ПОСЛЕСЛОВИЕ ДЛЯ СТЕНГАЗЕТЫ Сейчас в Москве гастролирует Вильнюсский театр Римаса Туминаса. Один из главных хитов этих гастролей - спектакль по лермонтовской драме "Маскарад", поставленной девять лет назад. В связи с этими гастролями в рубрике "Архив "Итогов" мы публикуем статью о литовском фестивале LIFE  - первом фестивале, в программе которого  участвовал этот спектакль, потом объездивший весь мир. На том же фестивале был впервые показан легендарный "Гамлет" Някрошюса.

Фото: Дмитрий Матвеев

 Прежде на территории Советского Союза не было ни одного международного театрального фестиваля серьезного уровня. Уровень, то есть престижность, определяется составом участников и стоит дорого. Сейчас главным фестивалем  одной шестой суши  становится московский Чеховский, имеющий солидных экспертов и не жалеющий денег на то, чтобы приглашать спектакли самых крупных режиссеров и театров. Все заметнее становятся два новых фестиваля: санкт-петербургский "Балтийский дом" и вильнюсский LIFE ("Лайф").

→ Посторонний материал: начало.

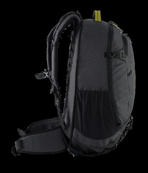 • Bio-form harness system includes padded shoulder straps, padded hip belt, sternum strap and top stabiliser straps.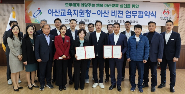 [충청뉴스 박동혁 기자] 충청남도아산교육지원청은 11일 아산교육지원청 대회의실에서 비영리민간단체 아산 비젼과 학교 현장 지원을 위한 업무협약을 체결했다.

В оргкомитете "Лайфа" вместе с его директором Рутой Ванагайте всего четыре человека, но кажется, что они подняли на ноги и заставили работать на себя всю Литву. Программа литовского фестиваля, как и везде, бывает более или менее удачна, но то, что здесь за четыре фестивальных года побывали Питер Брук, театр Complicite, компания Маги Марен, Карин Сапорта, мастерская Петра Фоменко, группа "Звуки Му" и ряд менее известных нам, но очень качественных коллективов, говорит о многом. И самое главное: многие четвертый раз подряд приезжают сюда специально, чтобы увидеть на открытии очередную премьеру Эймунтаса Някрошюса, ставшего фестивальным режиссером "Лайфа".

LIFE - Литовский международный театральный фестиваль Впервые проведен в 1993 году
С 1995 года - ежегодный Конкурса нет
Программа LIFE-97
Гамлет (LIFE, Литва) 
Шинель ("Кредо", Болгария)  
О дивные дни (Theatre Vidy - Lauzanne - C.I.C.T, Швейцария-Франция)
Бесстыдные! (Opera Circus, Великобритания)  
Невидимый круг (Чаплин/Терре, Франция)   
Раз 2 жизнь (T. G. Stan, Бельгия)  
Международный чемпионат по театральному спорту(команды из Швеции, Финляндии, Голландии)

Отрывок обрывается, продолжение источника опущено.